Crypto news

19.06.2026
16:11

Point of No Return: CFTC Puts an End to the Celsius Empire — Mashinsky Permanently Banned from the Market

The story of the collapse of one of the most high-profile projects of the "crypto-banking" era has received its final regulatory conclusion. The U.S. Commodity Futures Trading Commission (CFTC) has officially closed the case against Celsius Network and its founder, Alex Mashinsky. The Federal Court for the Southern District of New York has approved a settlement that puts a definitive end to Mashinsky's career as a participant in regulated markets.

Lifetime Ban and the End of an Era

According to the approved decision, Alex Mashinsky is permanently barred from trading on any markets overseen by the CFTC. Moreover, he is forever prohibited from registering with the commission in any capacity. This means complete isolation from the legal financial infrastructure of the United States. As emphasized in the court order, the ban extends to any violation of the anti-fraud provisions of the Commodity Exchange Act (CEA) and the agency's internal rules.

The Core of the Allegations: A Classic Ponzi Scheme?

Recall that the CFTC's lawsuit against Celsius and Mashinsky was filed back in July 2023. The regulator accused the company of massive fraud against hundreds of thousands of clients. The investigation found that Celsius positioned itself as a "reliable bank-like platform" for storing and growing digital assets. Users were promised high and stable returns in the form of weekly "rewards." However, in reality, the platform took on enormous risks by issuing unsecured loans and engaging in risky DeFi transactions. Essentially, client funds were used to cover losses and finance the aggressive strategy that ultimately led to the collapse.

From Bankruptcy to Prison Time

The proceedings cover the company's operations from 2018 until its collapse in June 2022. Celsius's management assured users of the safety of their funds until the very end, even as losses grew exponentially. As a result, the platform collapsed, becoming one of the most high-profile bankruptcies in the history of the crypto industry.
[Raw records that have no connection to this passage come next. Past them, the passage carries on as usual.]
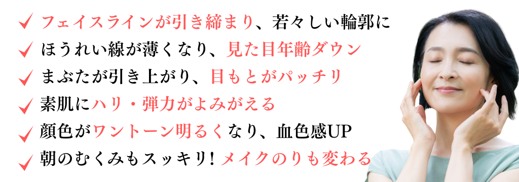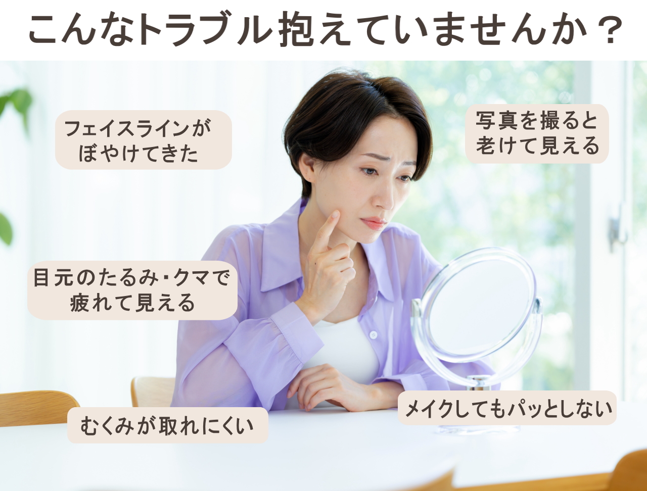 年齢とともに感じる、フェイスラインのゆるみ、顔の重だるさ、疲れて見える印象。
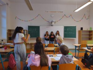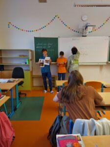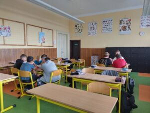 Tento týden žáci osmých tříd pronikli do tajemství barokní kultury a záludností učitelského povolání. Ve skupinách nejprve vyhledali informace např. o architektuře, hudbě nebo oblékání za časů baroka. Poté zformulovali zápis a naplánovali si prezentaci. Na závěr, jako odborníci, své téma představili spolužákům.
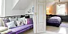 En nydelig sofa på kjøkkenet er et eksempel. Den er trukket om i turkise og rosa stoffer, og treverket er malt gult.
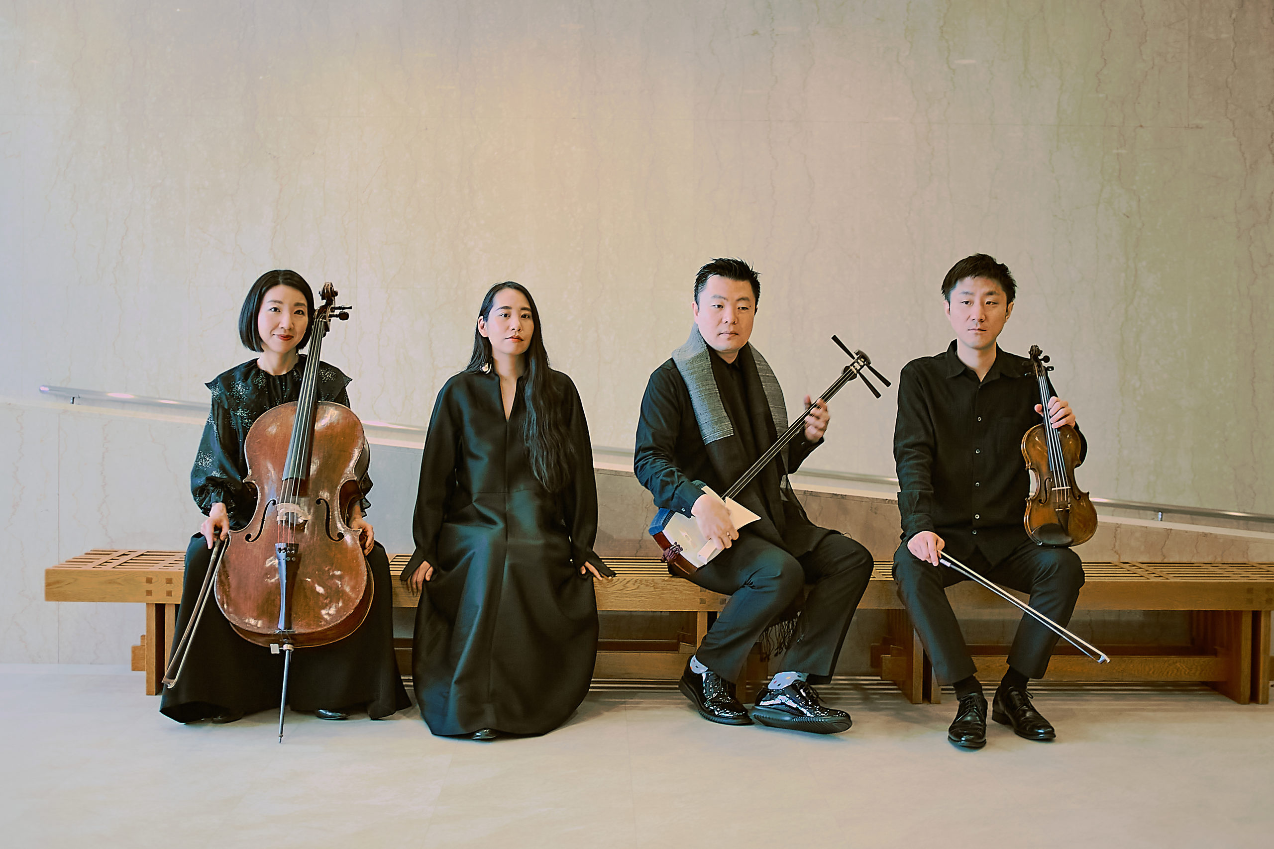 淡海に淡座の御出座し!「江戸にまなび、音と言葉のあわいをえがく」淡座はヴァイオリニスト、チェリスト、三味線奏者、作曲家から成るクリエイショングループ。11月8日開催のC³(「現代音楽×弦楽四重奏」のコンサート)に先立ち、古今東西をつなぐ音楽を届けます。
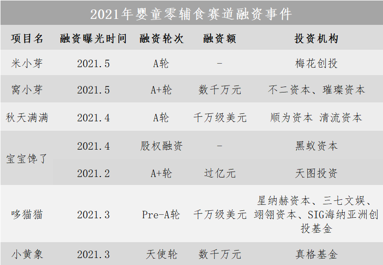 2021年春節過后的三個月的時間內,這個賽道至少已經發生了7起融資事件,真格、順為、梅花、天圖、黑蟻、清流等知名機構不斷押注,這個賽道就是嬰童零輔食。
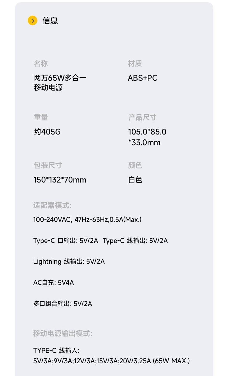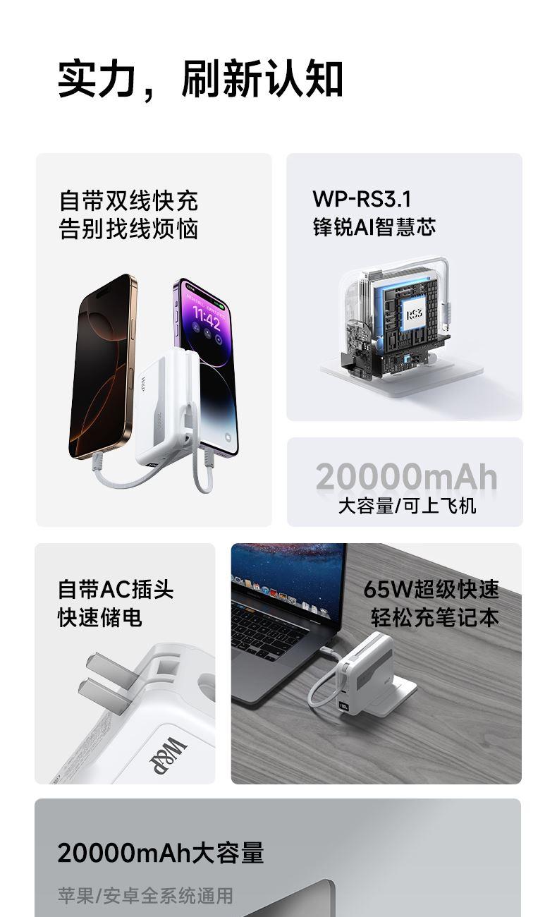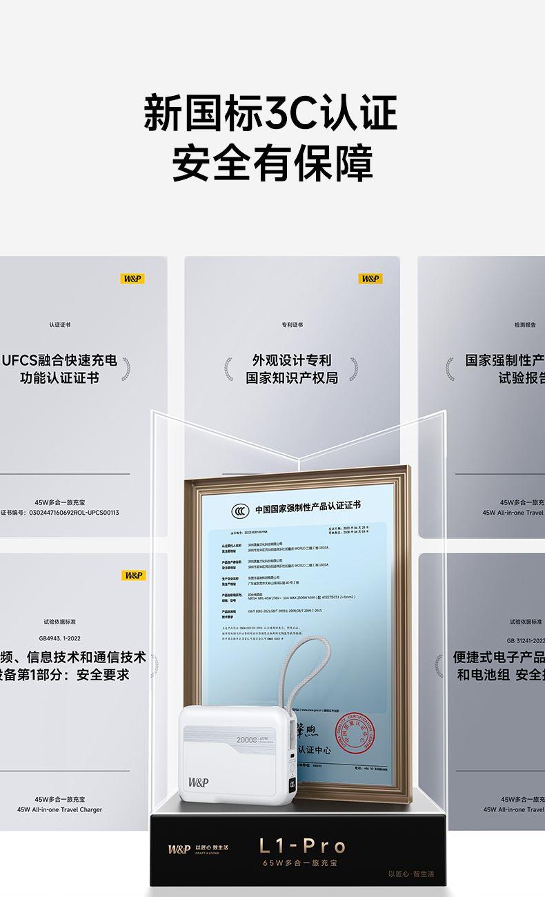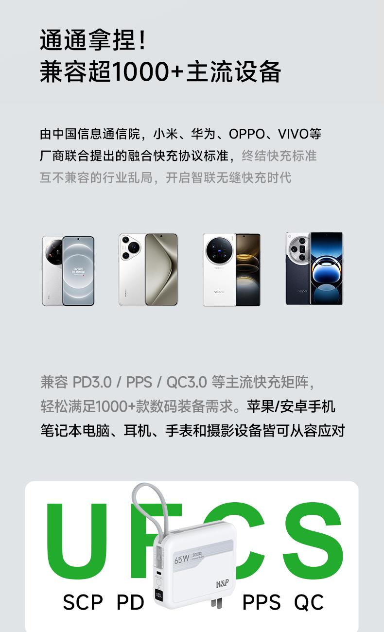W&P充电宝两万65W多合一适配器移动电源CSD65WAC
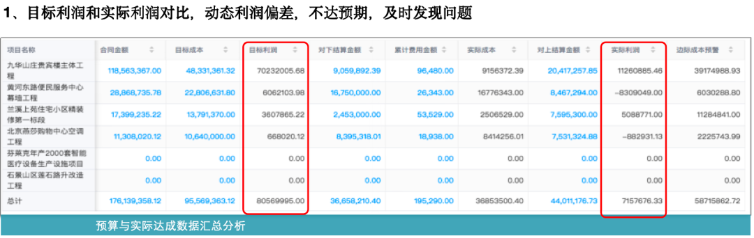 通過紅圈系統(tǒng),在過程中可以實時看到人、材、機等各項成本發(fā)生是否合理, 項目利潤是否達預期,過程中出現(xiàn)風險能夠及時解決和控制,后期也可以對單個項目去做成本分析。

Mashinsky's criminal prosecution has also reached its climax. In December 2024, he pleaded guilty to commodities and securities fraud. Then, in May 2025, the court sentenced him to 12 years in prison, ordered him to pay a fine of $50,000, and confiscated assets worth $48.39 million.

My Analysis of the Situation

This decision is not just a punishment for a single manager. It is a clear signal to the market: regulators will no longer tolerate the "trust-based banking" model without a license and transparency. The Celsius case has set a precedent that will forever change the rules of the game for all CeFi platforms. Investors should learn the main lesson: promises of "banking reliability" combined with "crypto yields" are almost always a red flag, followed by disaster.